For instance, hybrid solutions combining solar and biomass could be particularly attractive.
“Based on our estimates, such setups can price competitively at around MYR 0.55 ($0.13)/kWh while sustaining an 8 percent IRR, driven by the lower SAC of MYR 0.25 ($0.059)/kWh,
“In short, we expect to see more solar-biomass hybrids grabbing market share and offering better value to energy-hungry users,” it added.
Meanwhile, Kenanga highlighted that solar order books are hitting all-time highs as solar EPCC players race to deliver corporate green power program (CGPP) projects before the end-2025 deadline.
At the same time, MYR 10 billion ($2.35 billion) worth of 4GW LSS5 and LSS5+ contracts are about to hit the market, with completions targeted by end-2027.
Now with CRESS back in play, another MYR 5 billion ($1.18 billion) in EPCC works could land soon, driven by 2GW of firm output demand.
According to the research house, the total EPCC contract value has surged to MYR 17.4 billion ($4.1 billion) from MYR 12.4 billion ($2.92 billion), ensuring sustained sector activity till end-2028.

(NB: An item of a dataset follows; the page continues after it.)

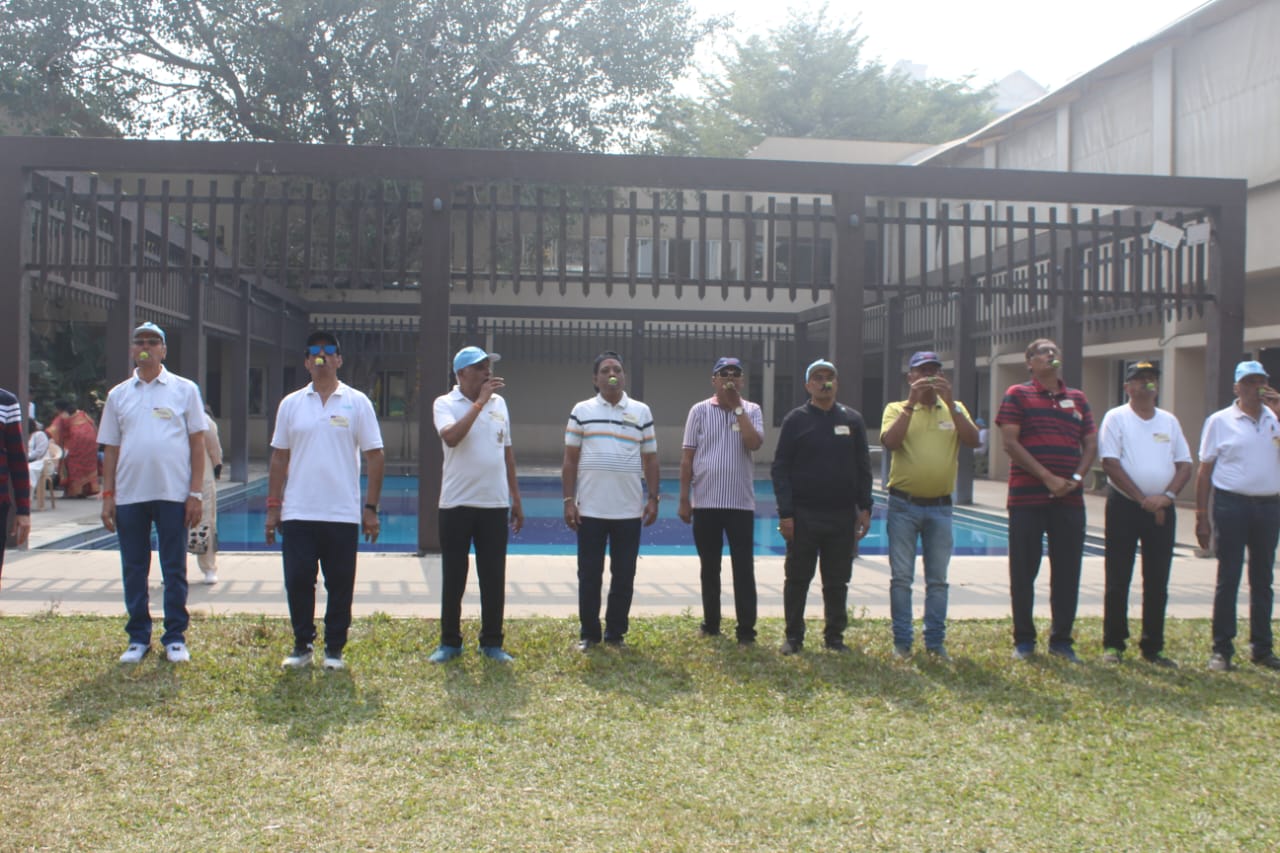 Chief Guest officially inaugurated the event by lighting Torch (Mashal) and taking a round around Sports Arena along with all members. This was followed by Rashtrageet and Hasya Yoga by Jagdish Rathi. Outdoor games (separately for Male and Female) namely Ring throw, Lagori, Rassi -khech, Talyat- Malyat, Lemon Spoon were conducted in the Pre-lunch session.

Thus far, it has already seen MYR 2.9 billion ($680 million) contract awards announced by listed firms.
As for rooftop solar, it sees longer ROI horizon, for now.
The electricity tariff restructuring introduces a clearer breakdown of cost components into three categories as follow: energy charge, capacity charge, and network charge.
Previously, Net Energy Metering (NEM) users could offset the whole bill, but now only the energy charge is eligible, slashing savings to just up to 50 percent.
Kenanga opined that this is a major hit to rooftop solar economics.
“What was once a five-year ROI has now stretched to 10–12 years,” it noted, adding that the change has triggered some pushback and complaints, and there is a chance TNB may refine the NEM details in response.
That said, it noted the new tariff also sets the stage for Community Renewable Energy Aggregation Mechanism (CREAM) which will allow homeowners to lease out rooftop space for solar generation with full details expected in the second half this year.
“With just about 65,000 of TNB’s 10.4m retail customers currently using rooftop solar, there’s vast untapped potential across both residential and C&I segments,” said Kenanga.